Escape from the nucleus: The role of cytoplasmic protein methylation

Protein complexes in a muscle cell. Image provided by RUB. © Prof. Wolfgang A. Linke

Alexander Tarakhovsky and colleagues from The Rockefeller University along with colleagues from Ruhr-University Bochum (Germany) have shown that protein methylation in the cytoplasm promotes protein complex formation.

While we are all familiar with the role of methyltransferase in DNA and protein modification in the nucleus, (think epigenetics with regards to DNA), this is the first time that methylation in the cytoplasm has been shown to promote protein complex formation.

The researchers first identified an enzyme which is mainly present in the cytoplasm and which methylates the amino acid lysine (Smyd2). Then they searched for interaction partners of the enzyme Smyd2
and found the heat shock protein Hsp90. The scientists went on to show that Smyd2 and methylated Hsp90 form a complex with the muscle protein titin.

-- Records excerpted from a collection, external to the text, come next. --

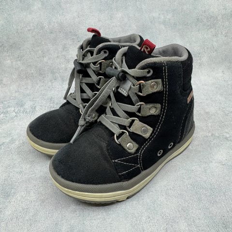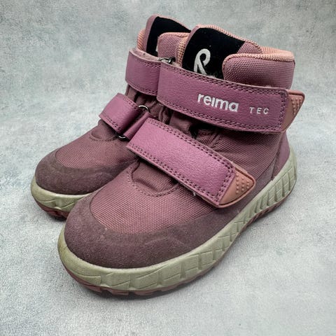 Hyvökuntoiset Reiman välikausikengät. Tarrojen pito hieman heikentynyt, mutta pysyvät testatessa hyvin kiinni. Pohjissa kantapään kohdalla kulumaa, ei vaikuta käyttöön. Yleisilmeeltään oikein siistit kengät. Testattu vedenpitäviksi juoksevan veden alla.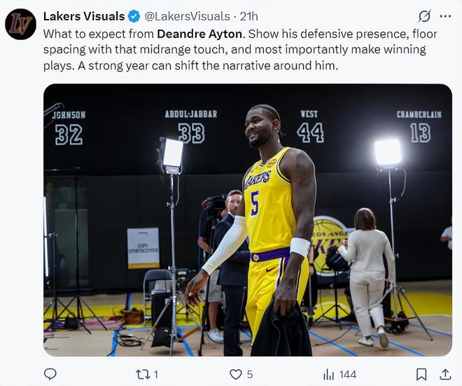 湖媒:对于艾顿的期待,展现他的防守能力、拉开空间的能力、以及出神入化的中投技巧,更重要的是打出关键得分与助攻。如果他能有一个出色的表现年,那么他的身价会得到提升。【这简直就是奢求】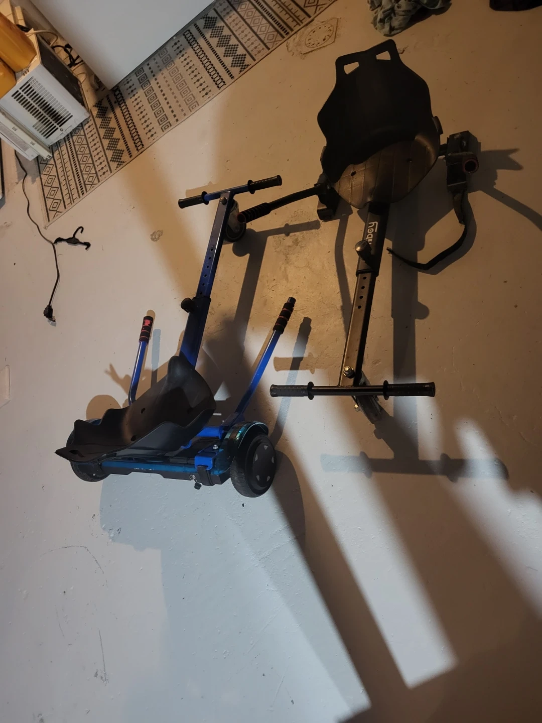 21Here are two hoaverboards! They still work great! Both come with a charger, i also have two attachments that allow ypu to drive it like a mini go cart! There great but my kids dont use them anymore and they are just collecting dust! Asking 350$ for all 4 items together or... 150 $ for each hoverboard 75$ each for attachment This is perfect gift for your teen, niece, nephew or even yourself! Holds up to 200lbs Or best offer!

According to the authors, “Titin is the largest protein in the human body and known primarily for its role as an elastic spring in muscle cells. Precisely this elastic region of titin is protected by the association with methylated Hsp90.”

In skeletal muscle cells of the zebrafish, the team explored what happens when the protection by the methylated heat shock protein is repressed. By genetic manipulation they altered the organism in such a way that it no longer produced the enzyme Smyd2, which blocked the methylation of Hsp90. Without methylated Hsp90, the elastic titin region was unstable and muscle function strongly impaired; the regular muscle structure was partially disrupted.